* _Task prompt_: From the data that follows, set down exactly the lines from the one with "El documento aborda" through the one with "師:島田、村野 研修生:鎌田、中嶋 |", counting both. Pictures stay out.

Stored entries
-=-=-
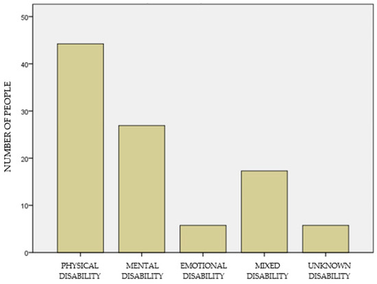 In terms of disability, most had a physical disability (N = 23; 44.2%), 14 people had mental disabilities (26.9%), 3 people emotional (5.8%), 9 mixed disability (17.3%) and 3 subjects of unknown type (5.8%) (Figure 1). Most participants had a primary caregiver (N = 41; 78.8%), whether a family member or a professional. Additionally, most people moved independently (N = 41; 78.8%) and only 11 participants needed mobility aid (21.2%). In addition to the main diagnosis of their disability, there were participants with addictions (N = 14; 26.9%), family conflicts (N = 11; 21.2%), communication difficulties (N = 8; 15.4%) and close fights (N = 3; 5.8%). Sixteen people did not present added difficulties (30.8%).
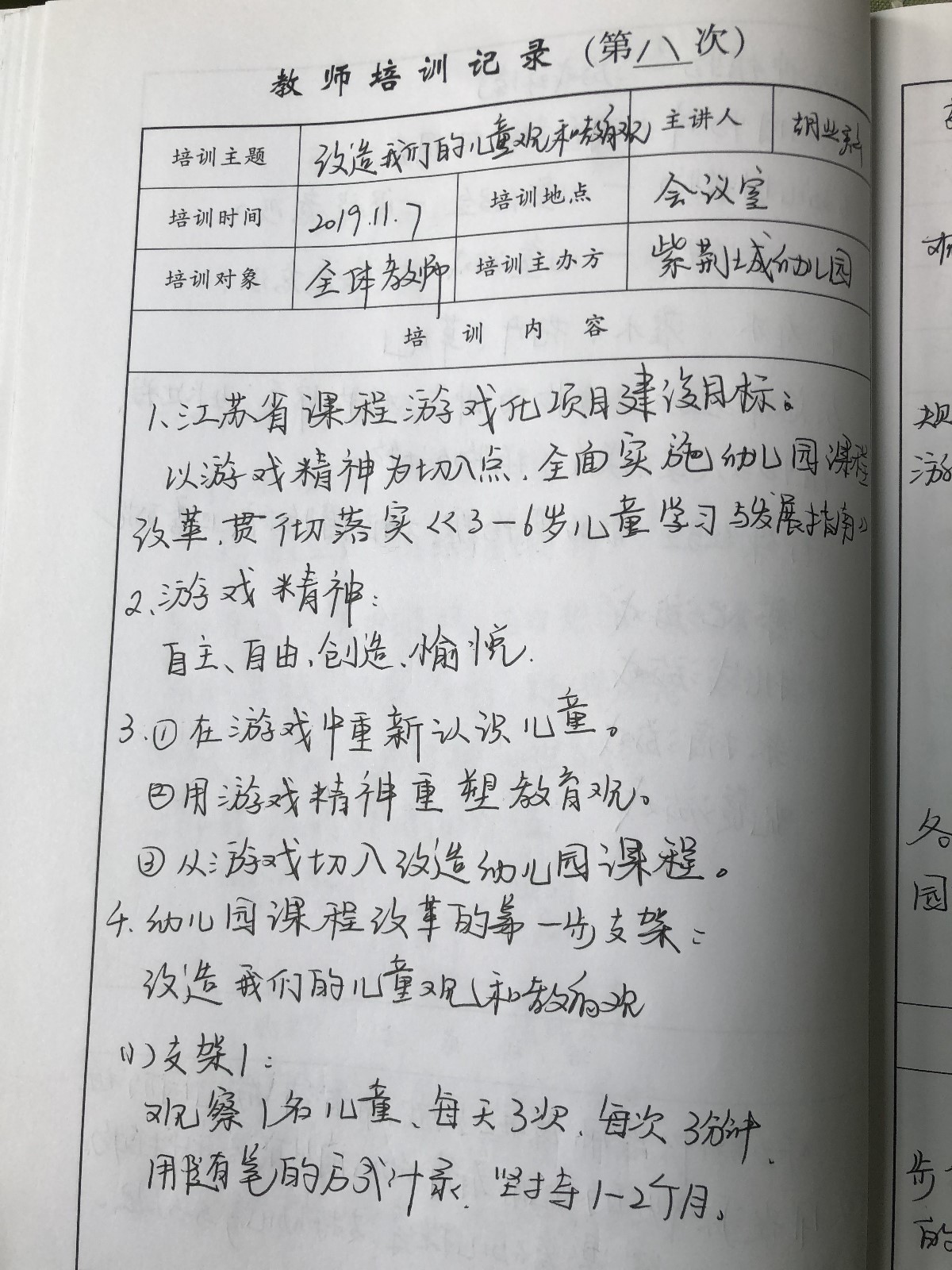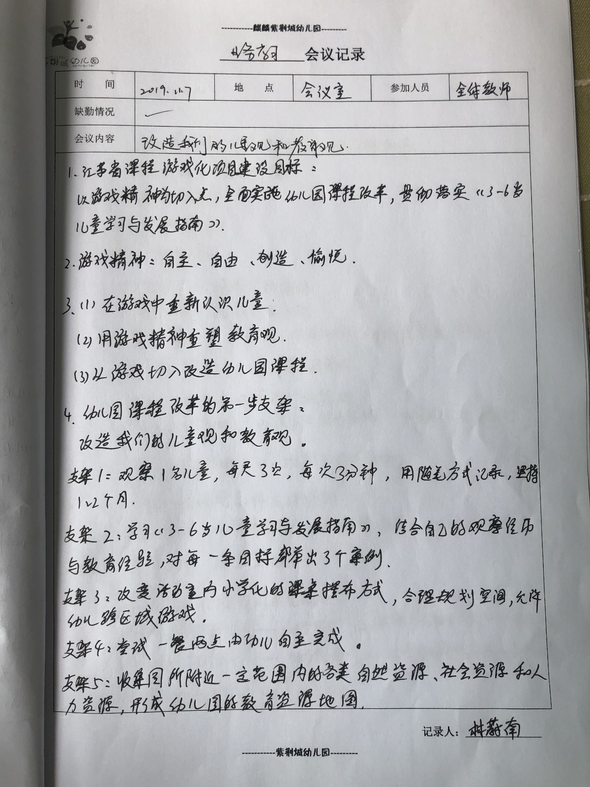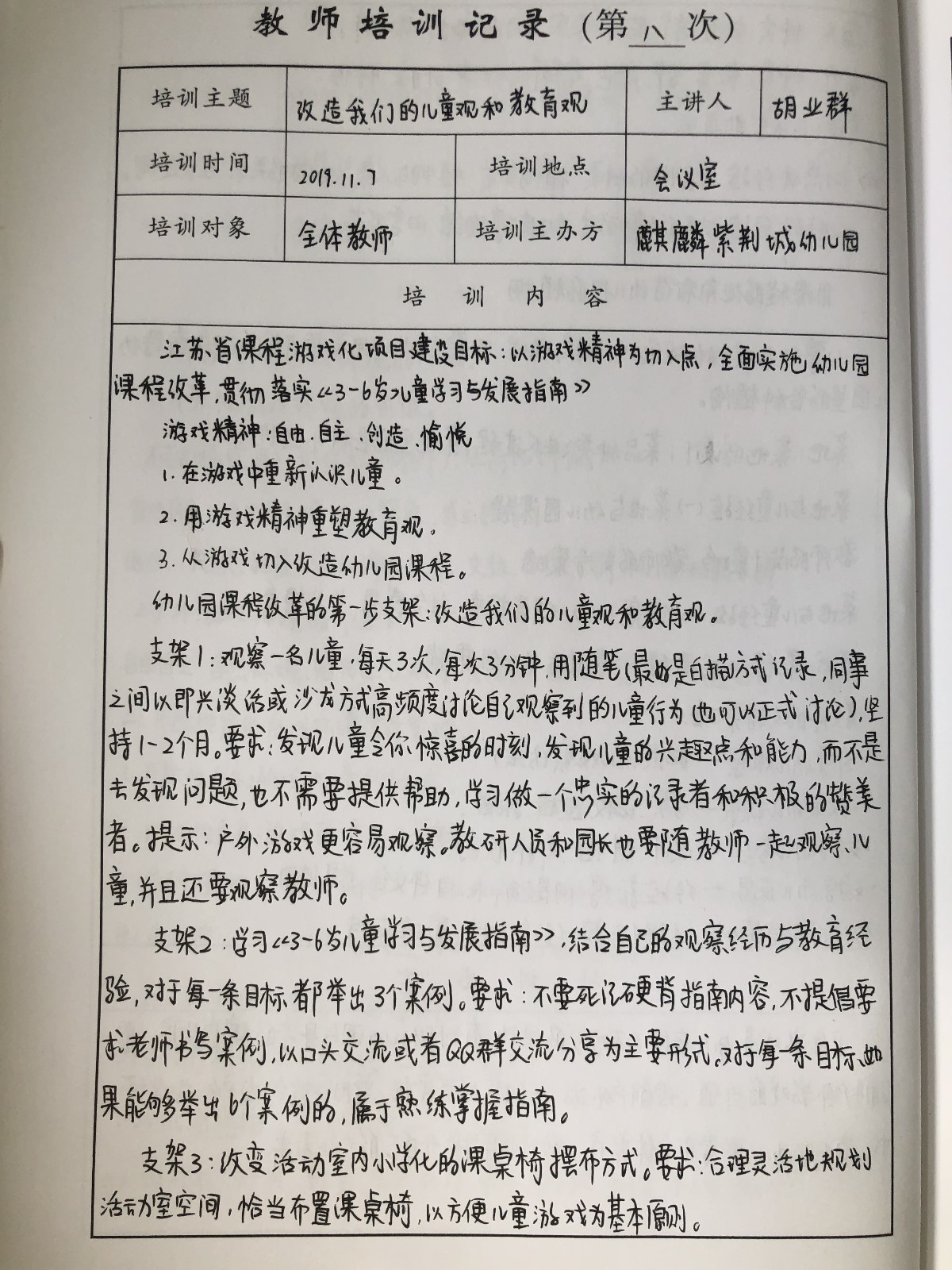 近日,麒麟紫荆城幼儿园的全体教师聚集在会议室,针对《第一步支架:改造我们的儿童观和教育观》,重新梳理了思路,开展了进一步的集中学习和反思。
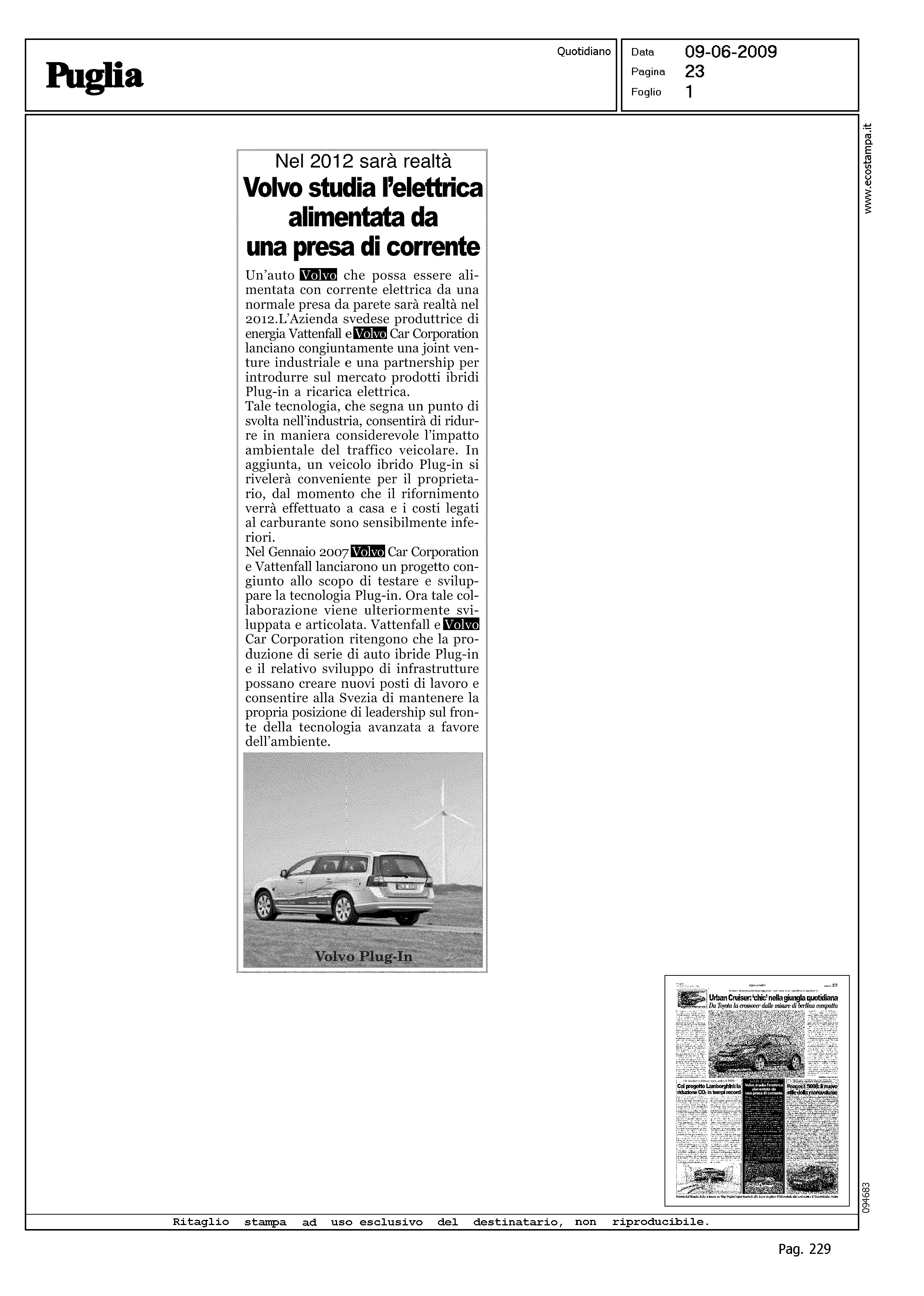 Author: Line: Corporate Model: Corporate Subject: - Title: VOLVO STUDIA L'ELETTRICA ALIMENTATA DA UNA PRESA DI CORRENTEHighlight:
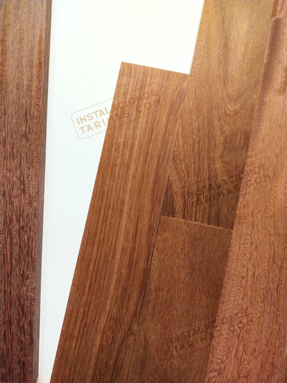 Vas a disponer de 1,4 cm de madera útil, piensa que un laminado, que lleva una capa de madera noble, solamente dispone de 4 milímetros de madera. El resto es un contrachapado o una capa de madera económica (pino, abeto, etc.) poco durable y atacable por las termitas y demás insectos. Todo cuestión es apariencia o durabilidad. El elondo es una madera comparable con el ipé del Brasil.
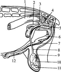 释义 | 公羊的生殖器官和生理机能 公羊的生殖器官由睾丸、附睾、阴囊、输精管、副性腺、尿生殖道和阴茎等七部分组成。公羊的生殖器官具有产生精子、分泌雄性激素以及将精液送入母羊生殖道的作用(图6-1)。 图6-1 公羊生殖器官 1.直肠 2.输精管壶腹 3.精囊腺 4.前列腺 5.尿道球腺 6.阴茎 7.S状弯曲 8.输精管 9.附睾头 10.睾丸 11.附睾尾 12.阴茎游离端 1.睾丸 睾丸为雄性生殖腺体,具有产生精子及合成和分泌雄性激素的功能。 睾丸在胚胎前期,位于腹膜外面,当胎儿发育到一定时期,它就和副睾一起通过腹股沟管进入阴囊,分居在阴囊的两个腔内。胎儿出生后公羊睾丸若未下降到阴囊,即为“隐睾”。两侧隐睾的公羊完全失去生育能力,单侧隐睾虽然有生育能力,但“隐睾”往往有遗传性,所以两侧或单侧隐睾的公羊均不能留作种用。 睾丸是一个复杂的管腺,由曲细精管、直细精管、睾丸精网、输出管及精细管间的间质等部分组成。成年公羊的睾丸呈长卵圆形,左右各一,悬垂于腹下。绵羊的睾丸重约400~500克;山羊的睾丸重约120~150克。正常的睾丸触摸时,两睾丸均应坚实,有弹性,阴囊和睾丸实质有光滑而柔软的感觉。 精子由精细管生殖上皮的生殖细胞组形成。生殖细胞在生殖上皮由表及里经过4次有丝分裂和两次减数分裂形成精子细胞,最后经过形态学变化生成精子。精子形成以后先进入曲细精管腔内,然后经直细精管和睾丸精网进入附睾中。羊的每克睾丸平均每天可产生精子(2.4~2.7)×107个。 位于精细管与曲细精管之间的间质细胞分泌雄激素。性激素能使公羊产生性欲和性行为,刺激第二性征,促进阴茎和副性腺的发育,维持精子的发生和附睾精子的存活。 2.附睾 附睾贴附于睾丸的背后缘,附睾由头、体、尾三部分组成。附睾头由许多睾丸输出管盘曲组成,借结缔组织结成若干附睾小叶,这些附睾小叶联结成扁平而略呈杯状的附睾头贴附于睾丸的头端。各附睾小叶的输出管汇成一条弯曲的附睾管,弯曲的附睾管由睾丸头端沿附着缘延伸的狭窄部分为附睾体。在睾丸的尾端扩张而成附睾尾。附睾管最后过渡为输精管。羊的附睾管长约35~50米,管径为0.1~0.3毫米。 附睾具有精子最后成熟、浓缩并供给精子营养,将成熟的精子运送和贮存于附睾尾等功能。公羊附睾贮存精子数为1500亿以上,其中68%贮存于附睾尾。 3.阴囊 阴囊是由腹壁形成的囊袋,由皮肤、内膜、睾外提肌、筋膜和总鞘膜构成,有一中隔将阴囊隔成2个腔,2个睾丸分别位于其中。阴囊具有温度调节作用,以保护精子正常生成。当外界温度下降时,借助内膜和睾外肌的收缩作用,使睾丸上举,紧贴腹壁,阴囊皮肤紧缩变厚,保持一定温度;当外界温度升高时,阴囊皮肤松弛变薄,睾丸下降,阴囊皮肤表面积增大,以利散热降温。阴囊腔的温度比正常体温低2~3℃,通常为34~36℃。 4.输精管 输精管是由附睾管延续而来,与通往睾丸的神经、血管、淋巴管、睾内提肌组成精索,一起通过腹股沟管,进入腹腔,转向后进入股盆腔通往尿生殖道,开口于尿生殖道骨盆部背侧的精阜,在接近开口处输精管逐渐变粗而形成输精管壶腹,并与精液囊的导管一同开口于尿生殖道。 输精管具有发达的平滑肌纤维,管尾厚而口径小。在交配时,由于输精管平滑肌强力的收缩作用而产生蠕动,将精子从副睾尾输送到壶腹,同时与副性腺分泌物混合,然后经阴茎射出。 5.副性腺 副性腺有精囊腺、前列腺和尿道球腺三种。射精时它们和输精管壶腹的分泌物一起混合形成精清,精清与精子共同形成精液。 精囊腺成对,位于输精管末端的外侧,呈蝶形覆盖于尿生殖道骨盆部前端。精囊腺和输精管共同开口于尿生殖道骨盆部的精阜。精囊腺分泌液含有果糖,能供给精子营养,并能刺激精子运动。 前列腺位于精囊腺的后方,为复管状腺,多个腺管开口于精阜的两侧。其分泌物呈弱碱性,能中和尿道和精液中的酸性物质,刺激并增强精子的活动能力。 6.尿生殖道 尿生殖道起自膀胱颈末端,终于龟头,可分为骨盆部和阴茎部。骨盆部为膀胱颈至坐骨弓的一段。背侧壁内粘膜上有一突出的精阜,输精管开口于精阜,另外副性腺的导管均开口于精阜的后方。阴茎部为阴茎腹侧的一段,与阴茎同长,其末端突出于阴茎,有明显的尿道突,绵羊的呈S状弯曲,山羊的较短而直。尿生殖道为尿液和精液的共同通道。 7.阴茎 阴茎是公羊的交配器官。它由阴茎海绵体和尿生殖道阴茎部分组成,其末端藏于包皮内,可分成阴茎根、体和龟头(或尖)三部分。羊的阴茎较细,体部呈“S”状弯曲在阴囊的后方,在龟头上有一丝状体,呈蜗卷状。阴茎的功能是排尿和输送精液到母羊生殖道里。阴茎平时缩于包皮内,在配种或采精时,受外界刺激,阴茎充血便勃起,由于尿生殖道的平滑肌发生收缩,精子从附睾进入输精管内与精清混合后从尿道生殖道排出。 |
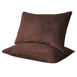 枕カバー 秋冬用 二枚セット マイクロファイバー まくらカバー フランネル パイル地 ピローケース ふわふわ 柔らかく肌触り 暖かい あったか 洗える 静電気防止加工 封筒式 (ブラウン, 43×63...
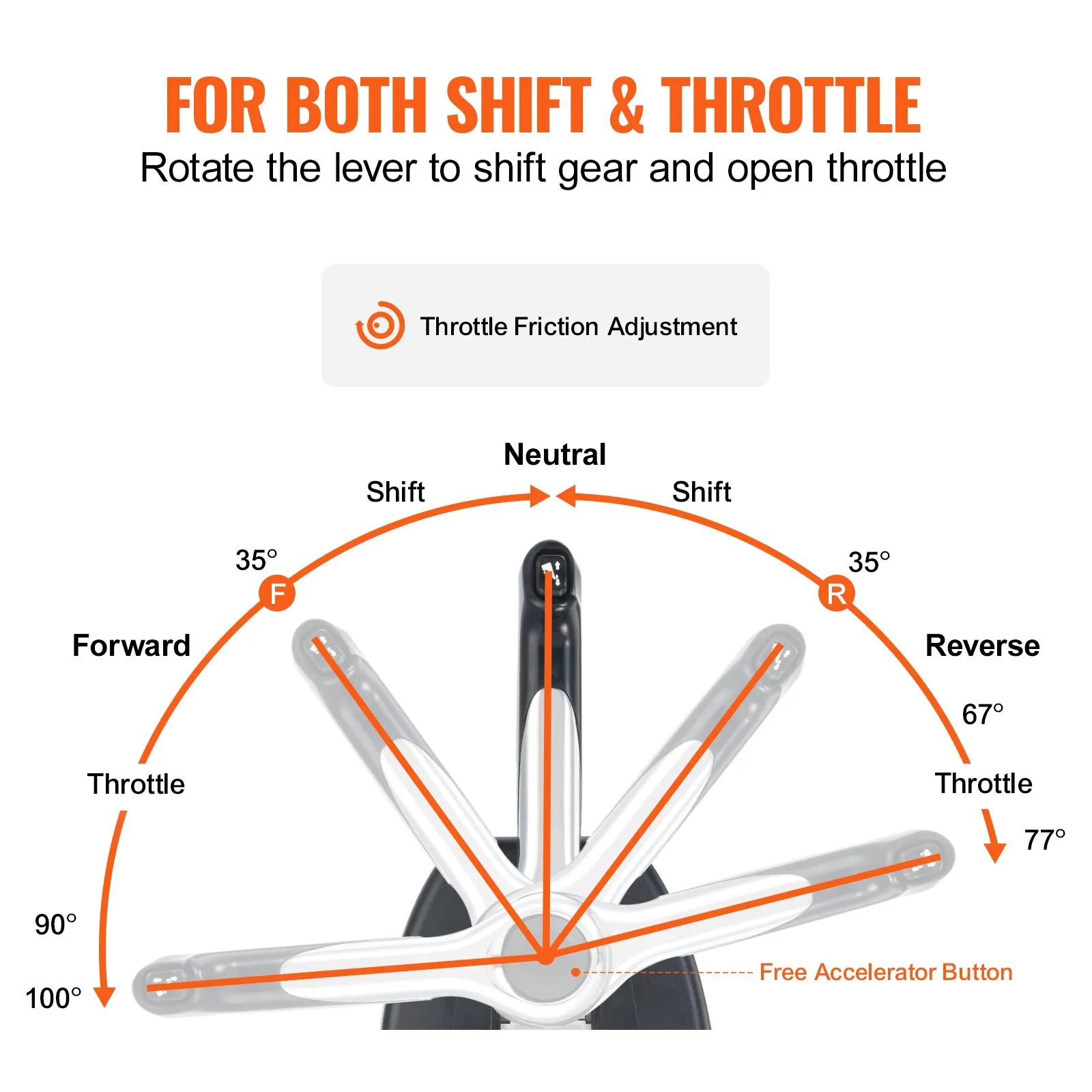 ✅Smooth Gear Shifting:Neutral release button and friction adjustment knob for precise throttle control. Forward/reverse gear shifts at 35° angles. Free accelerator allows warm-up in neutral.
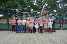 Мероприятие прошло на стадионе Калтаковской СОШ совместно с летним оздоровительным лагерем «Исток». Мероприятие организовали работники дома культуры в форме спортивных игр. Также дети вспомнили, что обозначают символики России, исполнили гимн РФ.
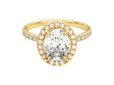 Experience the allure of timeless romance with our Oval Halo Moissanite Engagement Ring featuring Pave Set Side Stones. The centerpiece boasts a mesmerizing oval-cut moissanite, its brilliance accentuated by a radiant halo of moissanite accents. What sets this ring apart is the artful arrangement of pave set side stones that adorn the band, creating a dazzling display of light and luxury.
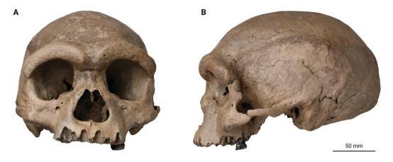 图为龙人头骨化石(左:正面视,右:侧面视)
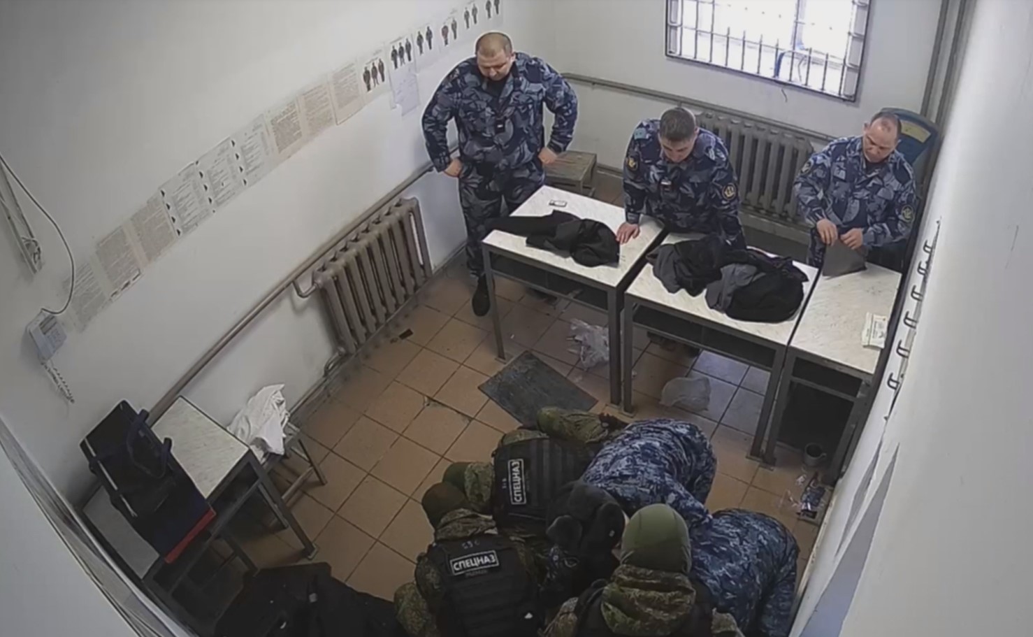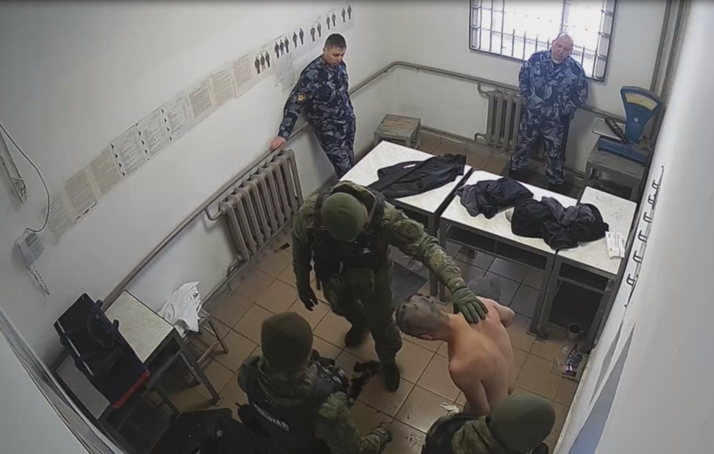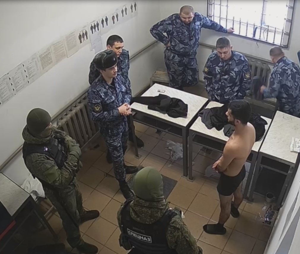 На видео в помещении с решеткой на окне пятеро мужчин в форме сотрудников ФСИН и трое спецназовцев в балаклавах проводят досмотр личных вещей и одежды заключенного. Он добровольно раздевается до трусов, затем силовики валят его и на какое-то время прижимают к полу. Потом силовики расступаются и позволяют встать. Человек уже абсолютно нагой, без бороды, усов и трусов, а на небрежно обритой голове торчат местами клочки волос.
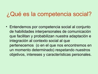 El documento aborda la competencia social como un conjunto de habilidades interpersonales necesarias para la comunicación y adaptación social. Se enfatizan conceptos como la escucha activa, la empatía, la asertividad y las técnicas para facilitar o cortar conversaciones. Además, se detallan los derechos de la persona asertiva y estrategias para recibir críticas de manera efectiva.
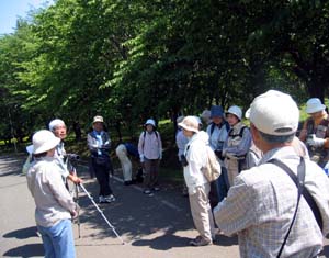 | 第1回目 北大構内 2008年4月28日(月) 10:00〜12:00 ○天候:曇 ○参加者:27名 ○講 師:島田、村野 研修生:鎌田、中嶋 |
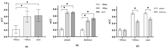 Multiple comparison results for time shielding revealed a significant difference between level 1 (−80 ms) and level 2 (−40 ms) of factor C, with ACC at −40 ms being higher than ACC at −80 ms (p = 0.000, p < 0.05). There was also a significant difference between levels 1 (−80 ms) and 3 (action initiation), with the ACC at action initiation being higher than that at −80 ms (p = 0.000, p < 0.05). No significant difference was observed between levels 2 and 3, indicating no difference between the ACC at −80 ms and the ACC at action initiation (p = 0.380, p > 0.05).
-=-=-
* _Answer box_:
 El documento aborda la competencia social como un conjunto de habilidades interpersonales necesarias para la comunicación y adaptación social. Se enfatizan conceptos como la escucha activa, la empatía, la asertividad y las técnicas para facilitar o cortar conversaciones. Además, se detallan los derechos de la persona asertiva y estrategias para recibir críticas de manera efectiva.
 | 第1回目 北大構内 2008年4月28日(月) 10:00〜12:00 ○天候:曇 ○参加者:27名 ○講 師:島田、村野 研修生:鎌田、中嶋 |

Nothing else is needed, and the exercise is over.